=== Begin Enclosure ===
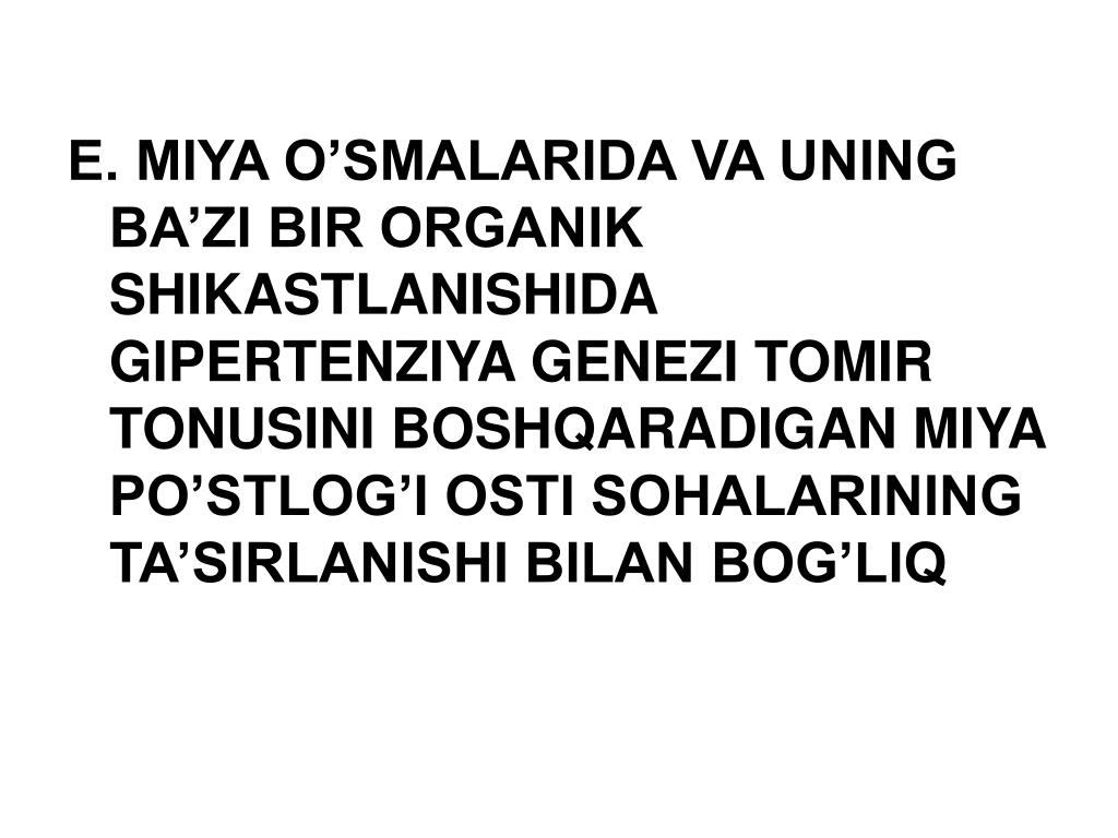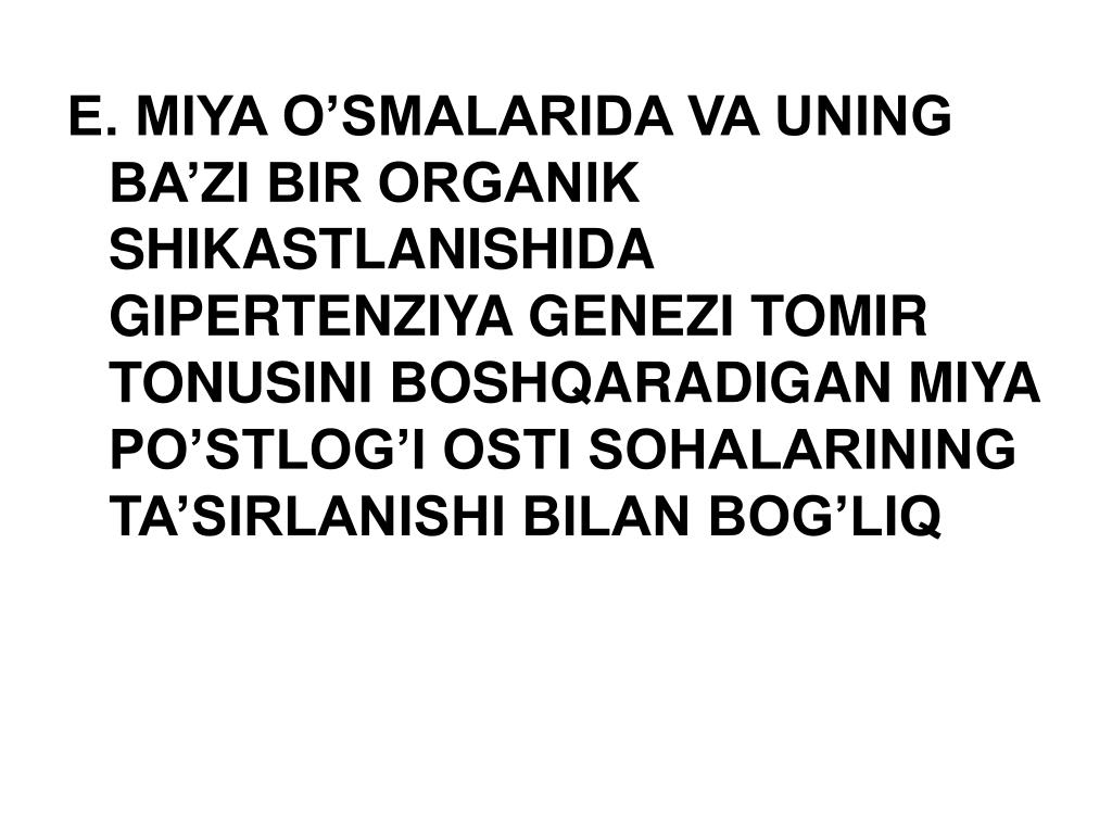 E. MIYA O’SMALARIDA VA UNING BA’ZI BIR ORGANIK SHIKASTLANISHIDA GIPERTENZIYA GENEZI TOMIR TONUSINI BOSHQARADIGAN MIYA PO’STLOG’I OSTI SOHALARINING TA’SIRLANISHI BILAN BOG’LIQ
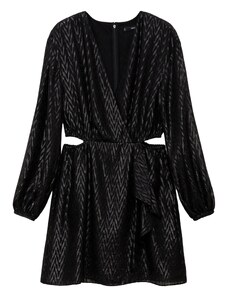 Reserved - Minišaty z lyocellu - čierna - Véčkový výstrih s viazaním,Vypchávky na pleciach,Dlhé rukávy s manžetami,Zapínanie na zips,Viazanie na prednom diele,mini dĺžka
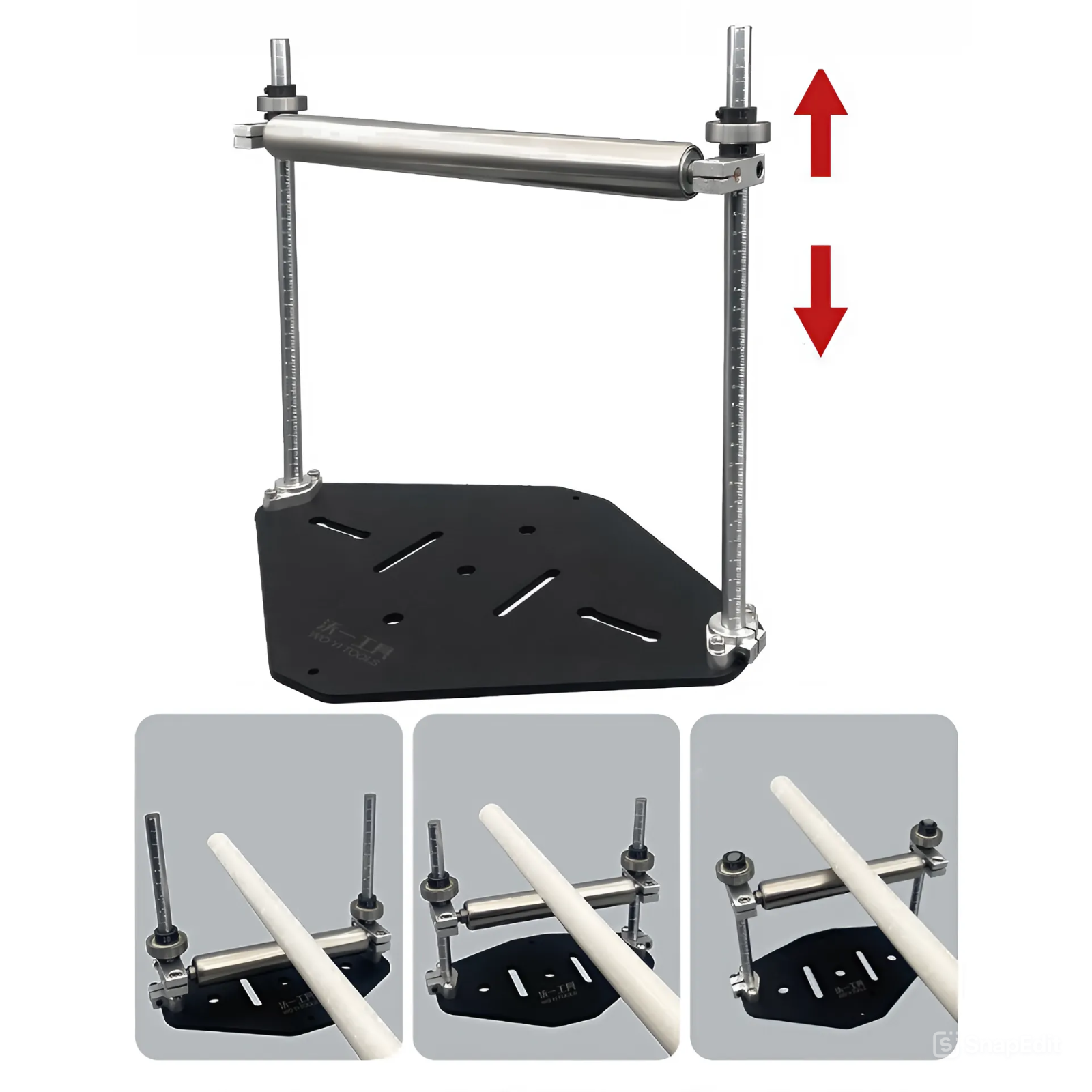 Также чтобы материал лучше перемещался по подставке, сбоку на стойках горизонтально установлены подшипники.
=== End Enclosure ===
* Problem description
An exact copy of the listing is required, with every image removed.

* Reply
 E. MIYA O’SMALARIDA VA UNING BA’ZI BIR ORGANIK SHIKASTLANISHIDA GIPERTENZIYA GENEZI TOMIR TONUSINI BOSHQARADIGAN MIYA PO’STLOG’I OSTI SOHALARINING TA’SIRLANISHI BILAN BOG’LIQ
 Reserved - Minišaty z lyocellu - čierna - Véčkový výstrih s viazaním,Vypchávky na pleciach,Dlhé rukávy s manžetami,Zapínanie na zips,Viazanie na prednom diele,mini dĺžka
 Также чтобы материал лучше перемещался по подставке, сбоку на стойках горизонтально установлены подшипники.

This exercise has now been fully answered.